Black Flower ‘Future Flora’ LP/CD (Sdban Ultra) 3/5

‘Future Flora’ is the third album from Black Flower, a fusion quintet based in Belgium. Its music is a bass heavy instrumental hybrid of dub, jazz and rock incorporating various traditional or folk styles. ‘Future Flora’, as described by bandleader, saxophonist and composer Nathan Daems, ‘is a metaphor for the importance of feeding and watering powerful and revolutionary ideas and initiatives that can save our world. You can compare it with plants that fight between the paving stones of the city for their future. These “urban warriors” need water to survive and grow. Their future and ours depends entirely on how we look at the plant world’

‘Early Days of Space Travel Pt. 2’ is a promising start to the set. A horn drone gives way to driving bass reminiscent of 80s ska revivalists and ethereal liquid horns before dropping into a heavily-effected space bass solo. The horns are joyous but there’s also pleasing slight menace. The mix feels primal and ancient. ‘Maloya Bud’ sets off with a slower bass line. Hypnotic serpentine horns weaving in and around the dubby groove. ‘Hora de Aksum’ is introduced by the folky saxophone melody and jaunty bursts of keyboard emphasising the syncopated rhythm. The horns explore the theme established by the sax motif. ‘Clap Hands’ reassuringly begins with the sound of hands clapping!
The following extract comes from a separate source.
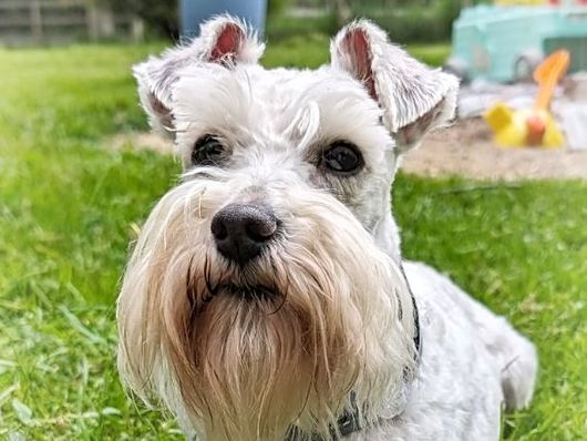 Kevin is a very outgoing spunky little guy! He was our first schnauzer. He loves just about everything and everyone. Summer days in the yard are his favorite but he also enjoys to snuggle up on the couch at the end of the day. He is just an amazing dog.

The insistent rhythm section quickly locks into an energetic groove. It is probably the most direct track of these tunes and is very danceable. For ‘Ohm Eye’, the swirling keyboard-led wash is the platform for the blissful flutes. Its stillness is wondrously beautiful. The strident bass lines return to provide the backbone for the sub-reggae feel of ‘Ankor Wat’. The album closes with the striking grandeur of ‘Future Flora’. The epic title track begins with solo saxophone hinting toward the motifs to follow. The main theme is a swirling melody line of various horns over a consistent groove. As the bass builds towards the end accompanied by wah-wah stabs and ascending horns, it is strangely reminiscent of one of Isaac Hayes’ classic symphonic soul workouts in full flow before the conclusive return to the theme.

One of the main tenets of the Black Flower project appears to be an exploration of folk and traditional musical flavours to incorporate into its heavy rhythmic dubby template. This is admirable but perhaps sometimes it is a distraction to the process of producing coherent and distinctive tracks. While I enjoyed listening to this album, it has hardly left a lasting impression on me. However, there are a few really tasty tracks and some true moments of excellence on this album. I can recommend giving it a spin.